• **RECORDS FOR THIS TASK**

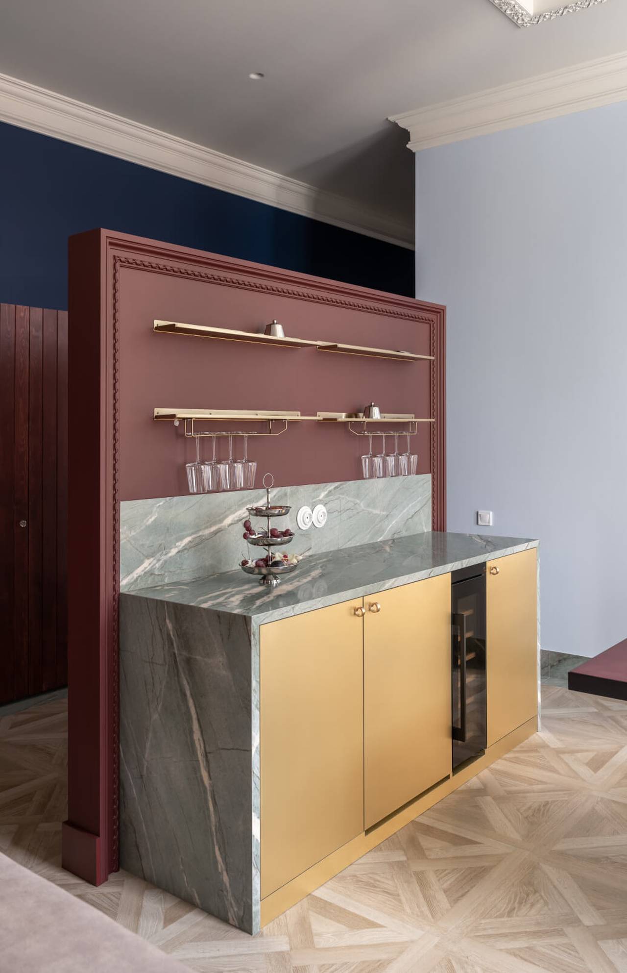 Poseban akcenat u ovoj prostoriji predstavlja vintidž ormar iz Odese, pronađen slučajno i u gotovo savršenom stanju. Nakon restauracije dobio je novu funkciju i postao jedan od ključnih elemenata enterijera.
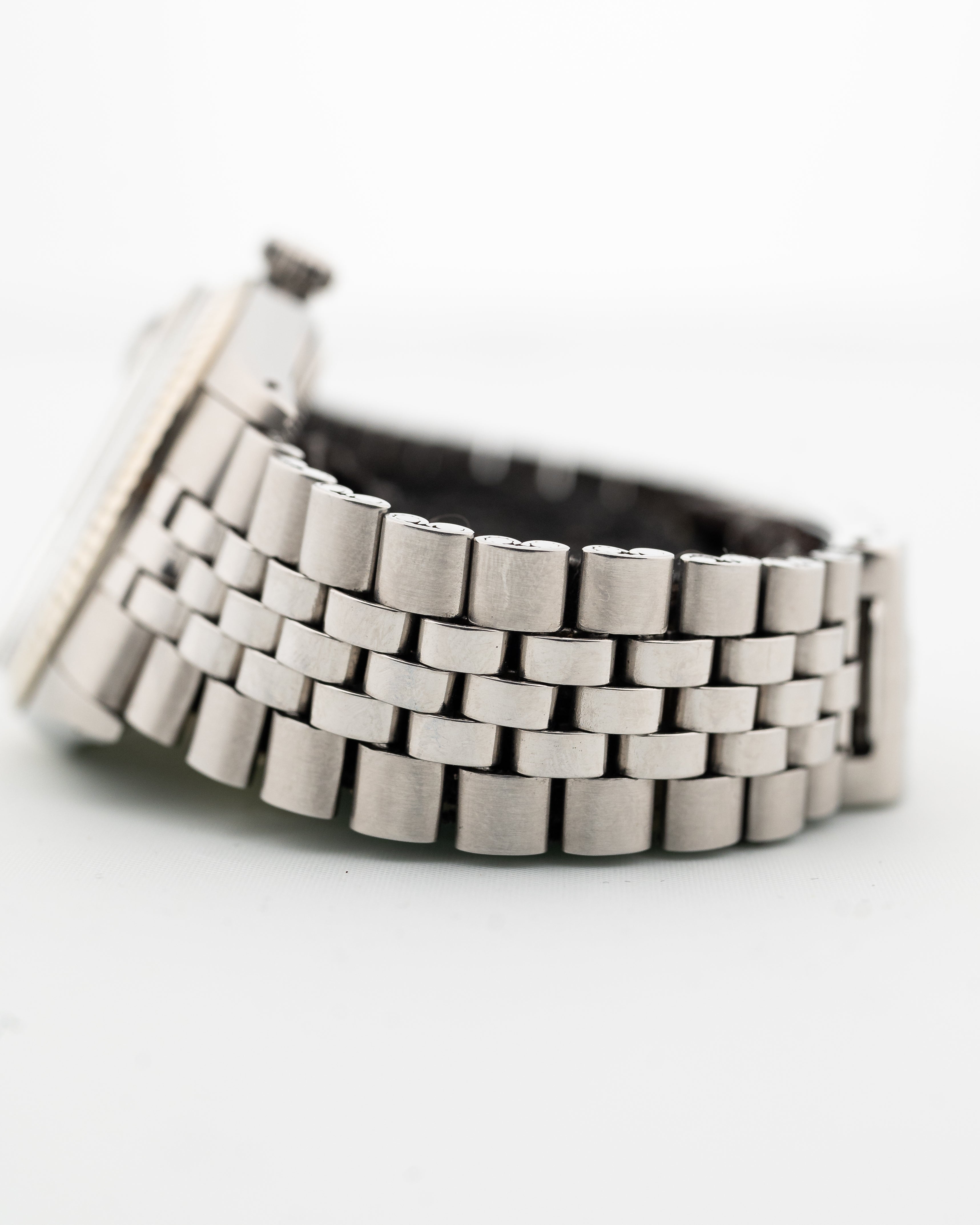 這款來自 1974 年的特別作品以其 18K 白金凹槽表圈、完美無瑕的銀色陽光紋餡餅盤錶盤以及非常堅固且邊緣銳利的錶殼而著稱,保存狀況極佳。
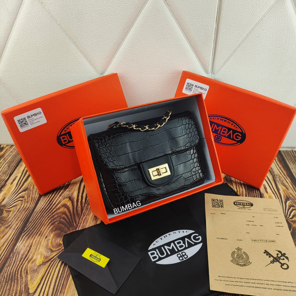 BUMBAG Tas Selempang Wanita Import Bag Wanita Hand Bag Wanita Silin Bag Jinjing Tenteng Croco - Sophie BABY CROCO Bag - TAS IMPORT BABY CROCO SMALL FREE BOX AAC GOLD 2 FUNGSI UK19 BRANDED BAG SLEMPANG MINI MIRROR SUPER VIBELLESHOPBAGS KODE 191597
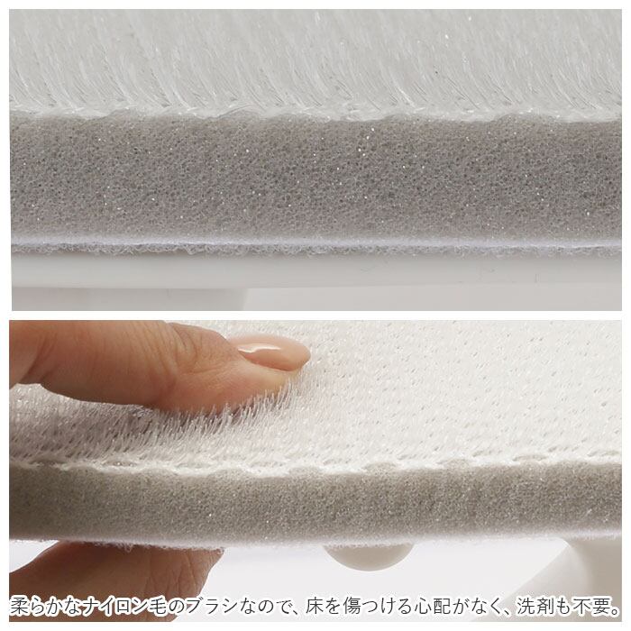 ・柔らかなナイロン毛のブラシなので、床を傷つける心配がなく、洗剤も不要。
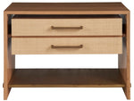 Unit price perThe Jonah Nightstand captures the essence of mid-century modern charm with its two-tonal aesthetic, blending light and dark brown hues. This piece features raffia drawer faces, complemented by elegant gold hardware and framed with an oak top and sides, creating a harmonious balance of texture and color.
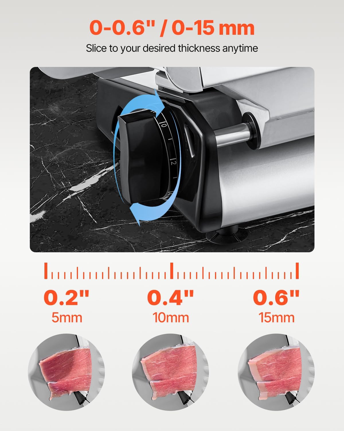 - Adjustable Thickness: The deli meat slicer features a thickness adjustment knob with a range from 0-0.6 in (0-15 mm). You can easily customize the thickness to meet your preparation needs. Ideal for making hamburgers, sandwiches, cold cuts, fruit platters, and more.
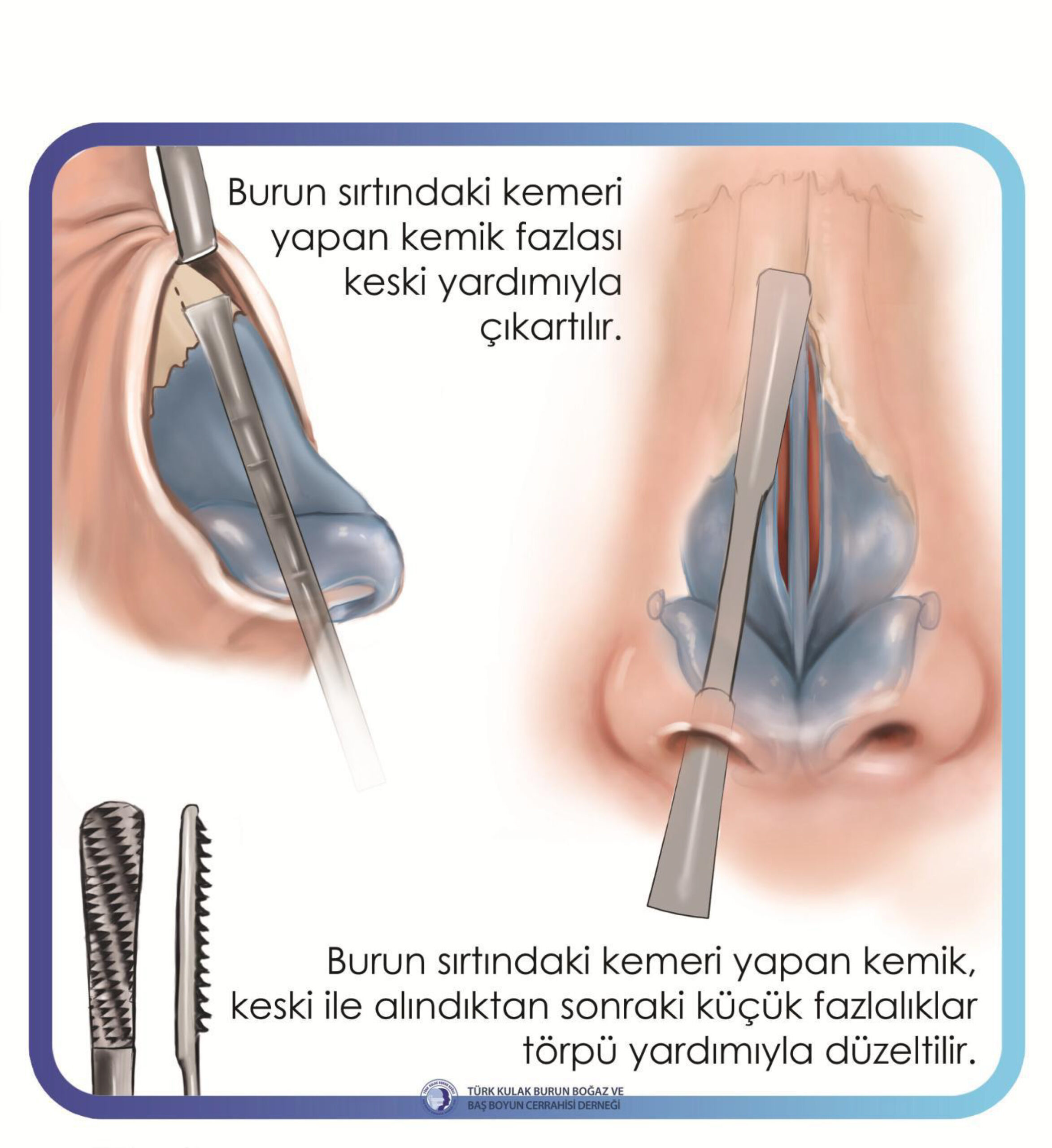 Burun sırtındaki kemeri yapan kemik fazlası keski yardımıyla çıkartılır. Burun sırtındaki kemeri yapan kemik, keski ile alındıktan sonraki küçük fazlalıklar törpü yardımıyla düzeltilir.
...
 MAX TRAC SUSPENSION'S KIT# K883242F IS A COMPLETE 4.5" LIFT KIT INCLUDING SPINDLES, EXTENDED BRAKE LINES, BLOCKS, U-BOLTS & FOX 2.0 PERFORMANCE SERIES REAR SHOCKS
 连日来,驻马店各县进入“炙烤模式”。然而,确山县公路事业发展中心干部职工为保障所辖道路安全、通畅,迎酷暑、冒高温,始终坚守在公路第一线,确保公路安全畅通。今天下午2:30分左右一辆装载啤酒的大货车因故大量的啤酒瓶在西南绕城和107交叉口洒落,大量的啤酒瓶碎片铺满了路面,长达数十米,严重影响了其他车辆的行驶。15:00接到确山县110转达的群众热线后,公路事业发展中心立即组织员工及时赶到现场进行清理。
---
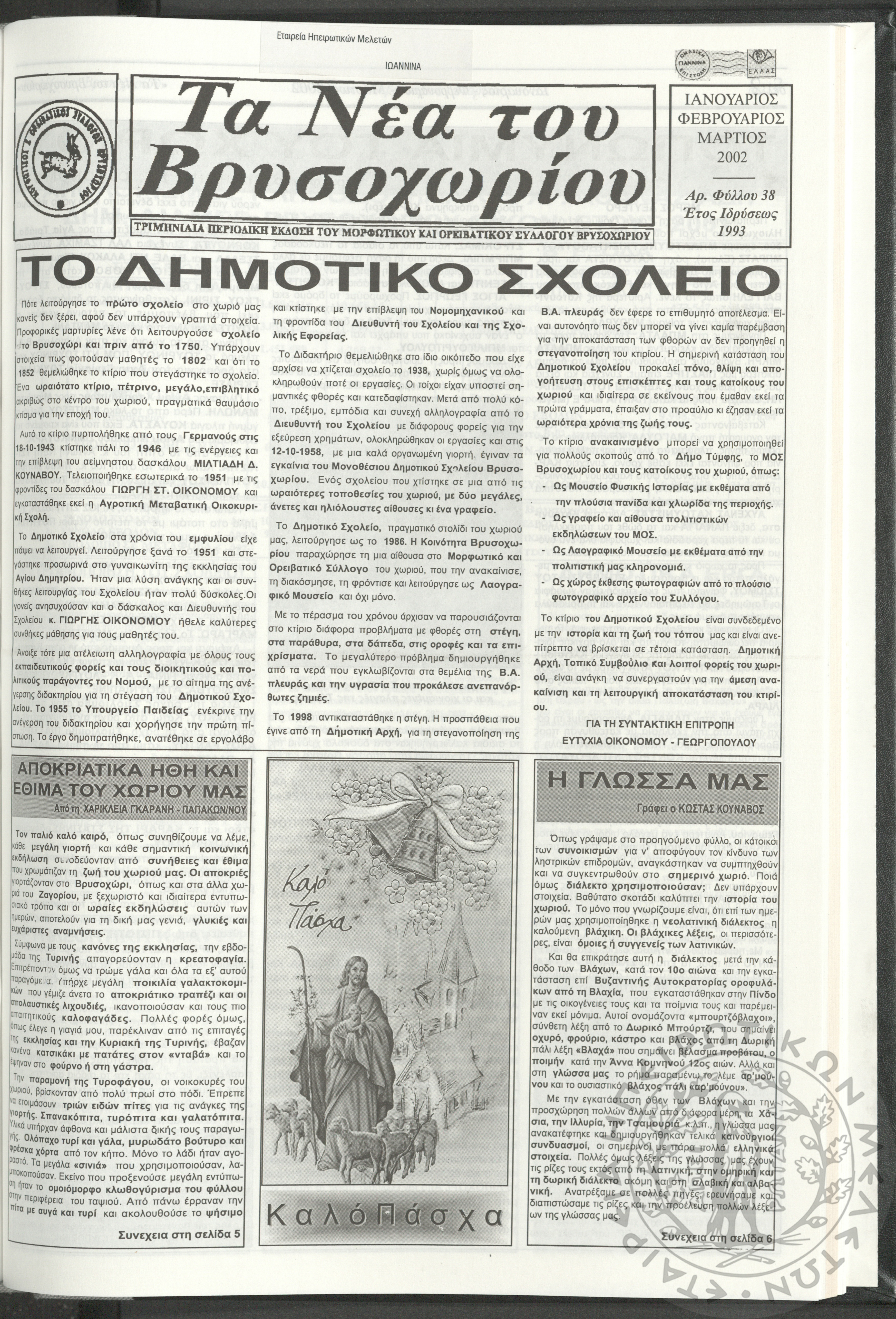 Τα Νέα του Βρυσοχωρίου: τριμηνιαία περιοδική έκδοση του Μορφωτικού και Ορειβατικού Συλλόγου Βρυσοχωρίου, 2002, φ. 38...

• **WORK REQUIRED**
From the data above, return only the lines starting at the line that holds "Poseban akcenat u" and ending at the line that holds "- Adjustable Thickness: The", word for word and without pictures.

• **ANSWER SECTION**
 Poseban akcenat u ovoj prostoriji predstavlja vintidž ormar iz Odese, pronađen slučajno i u gotovo savršenom stanju. Nakon restauracije dobio je novu funkciju i postao jedan od ključnih elemenata enterijera.
 這款來自 1974 年的特別作品以其 18K 白金凹槽表圈、完美無瑕的銀色陽光紋餡餅盤錶盤以及非常堅固且邊緣銳利的錶殼而著稱,保存狀況極佳。
 BUMBAG Tas Selempang Wanita Import Bag Wanita Hand Bag Wanita Silin Bag Jinjing Tenteng Croco - Sophie BABY CROCO Bag - TAS IMPORT BABY CROCO SMALL FREE BOX AAC GOLD 2 FUNGSI UK19 BRANDED BAG SLEMPANG MINI MIRROR SUPER VIBELLESHOPBAGS KODE 191597
 ・柔らかなナイロン毛のブラシなので、床を傷つける心配がなく、洗剤も不要。
 Unit price perThe Jonah Nightstand captures the essence of mid-century modern charm with its two-tonal aesthetic, blending light and dark brown hues. This piece features raffia drawer faces, complemented by elegant gold hardware and framed with an oak top and sides, creating a harmonious balance of texture and color.
 - Adjustable Thickness: The deli meat slicer features a thickness adjustment knob with a range from 0-0.6 in (0-15 mm). You can easily customize the thickness to meet your preparation needs. Ideal for making hamburgers, sandwiches, cold cuts, fruit platters, and more.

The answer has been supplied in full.